Pancreatic involvement may be painless, but it can cause abdominal pain or jaundice if the enlarged gland compresses the common bile duct. Chronic inflammation and fibrosis eventually destroy the organ’s ability to produce digestive enzymes, leading to exocrine insufficiency marked by weight loss and steatorrhea. It can also impair insulin production, resulting in endocrine insufficiency that manifests as new-onset diabetes.

In the biliary system, IgG4-related cholangitis (IgG4-SC) causes the bile ducts to thicken and narrow due to inflammation and scarring. The resulting strictures cause bile flow obstruction and painful jaundice. This condition is difficult to distinguish from primary sclerosing cholangitis or bile duct cancer, and chronic obstruction can eventually lead to liver damage if left untreated.

The disease frequently involves the head and neck, affecting the salivary and lacrimal glands. This manifestation, sometimes called Mikulicz syndrome, results in painless, bilateral swelling of the glands on the face or below the chin. While the glands are enlarged, their function is often only mildly impaired, and symptoms of dry eyes or mouth are not prominent.

Retroperitoneal Fibrosis (RPF) is another significant manifestation, where a mass of fibrous tissue forms in the retroperitoneum, the area at the back of the abdomen behind the lining of the abdominal cavity. This mass can compress vital structures, most notably the ureters, which carry urine from the kidneys to the bladder. Ureter compression obstructs urine flow, leading to hydronephrosis, a dangerous swelling of the kidneys.

Steps for Diagnosis and Treatment

Diagnosing IgG4-RD requires a multi-pronged approach, as an elevated IgG4 blood level alone is not definitive, and many patients have normal serum levels. The process begins with a medical evaluation combining clinical symptoms, such as unexplained organ masses or painless swelling, with advanced imaging studies. CT or MRI scans can reveal characteristic findings, such as diffuse enlargement of the pancreas or fibrotic masses in the retroperitoneum.

The most reliable confirmation is a tissue biopsy from the affected organ, allowing doctors to look for characteristic microscopic features. A pathologist examines the tissue for dense lymphoplasmacytic infiltration, storiform fibrosis, and an increased ratio of IgG4-positive plasma cells. This histopathological evidence is crucial to distinguish IgG4-RD from conditions it mimics, such as infection, malignancy, or other autoimmune diseases.

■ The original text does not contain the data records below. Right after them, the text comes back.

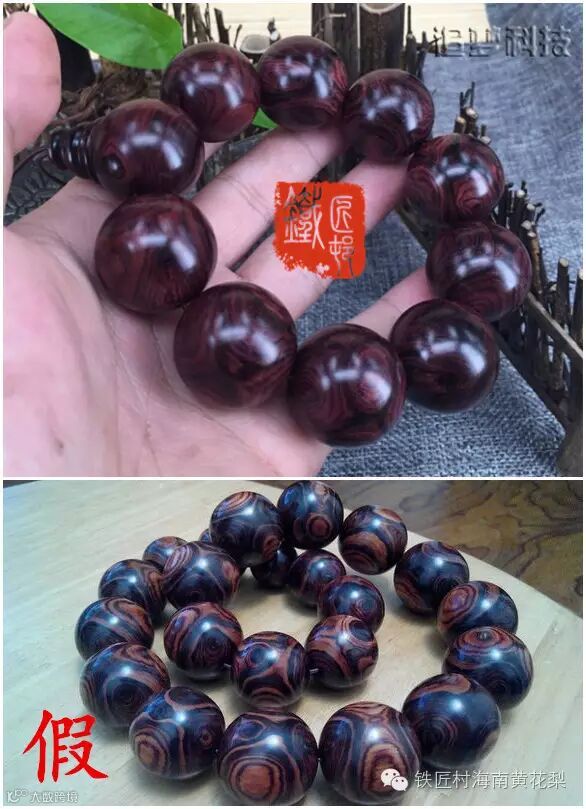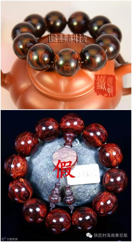 1、看纹理:紫檀柳珠子多是顺纹的,纹路发红且感觉很淡,黄花梨的纹路很少有发红的,个别也是紫色变浅过渡成红的。
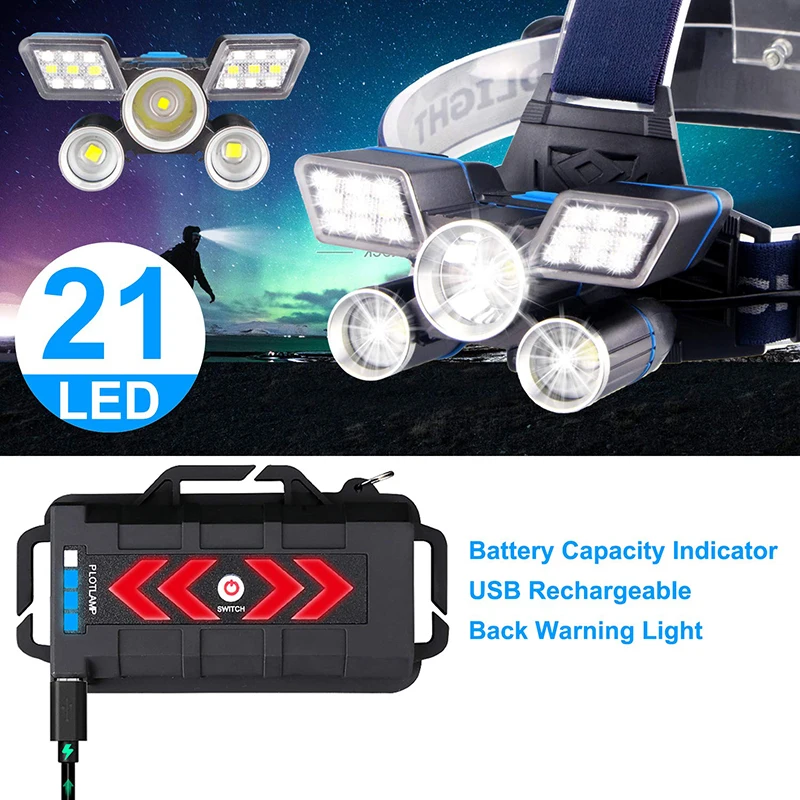Best For You T20 LED Headlamp High Lumens Ultra Bright 21LED 9 Modes Headlight USB Rechargeable Flashlight Water
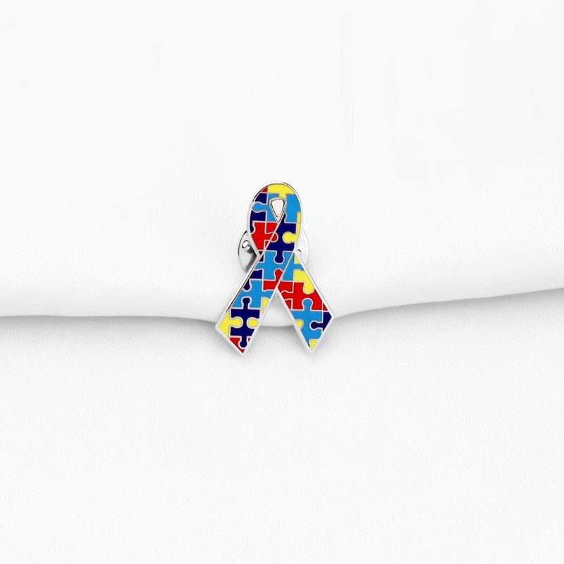 Autism Ribbon Pin Asperger Awareness Jewelry Gift for Autism Mom/Autism Teacher/Autistic Girl, Metal, alloy
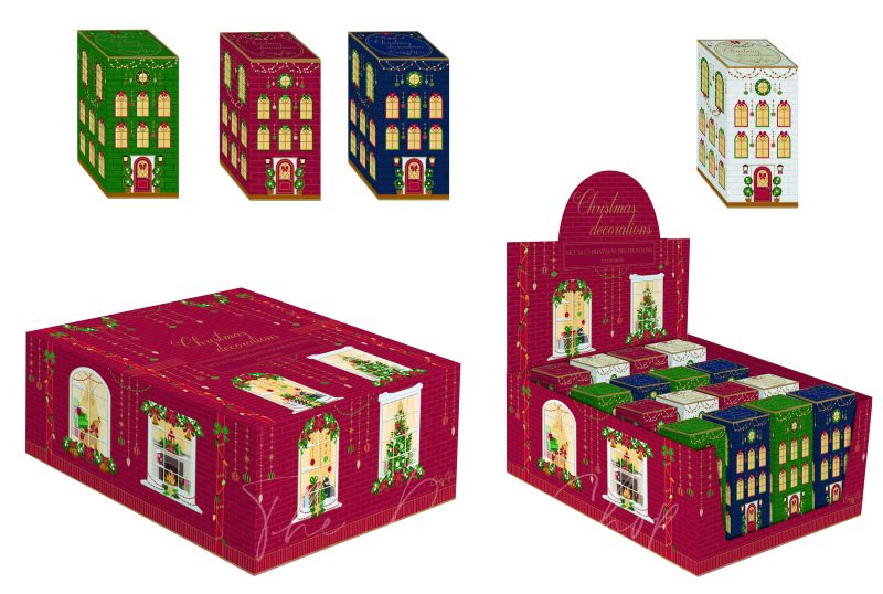 Комплект от 16 коледни орнамента, изработени от доломит, в асортимент, опаковани в дисплей от серията FESTIVE AVENUE на EasyLife.

Once confirmed, the primary treatment is typically systemic glucocorticoids, or steroids. High-dose glucocorticoids rapidly induce remission by reducing systemic inflammation, often leading to a quick improvement in symptoms and a reduction in organ mass size.

Following the initial induction phase, the steroid dose is gradually tapered to a lower maintenance dose to prevent relapse. For patients who cannot tolerate long-term steroids or whose disease relapses, second-line therapies are employed. These treatments often involve B-cell depletion agents, such as the monoclonal antibody rituximab, which targets the B-cells responsible for producing pathogenic antibodies.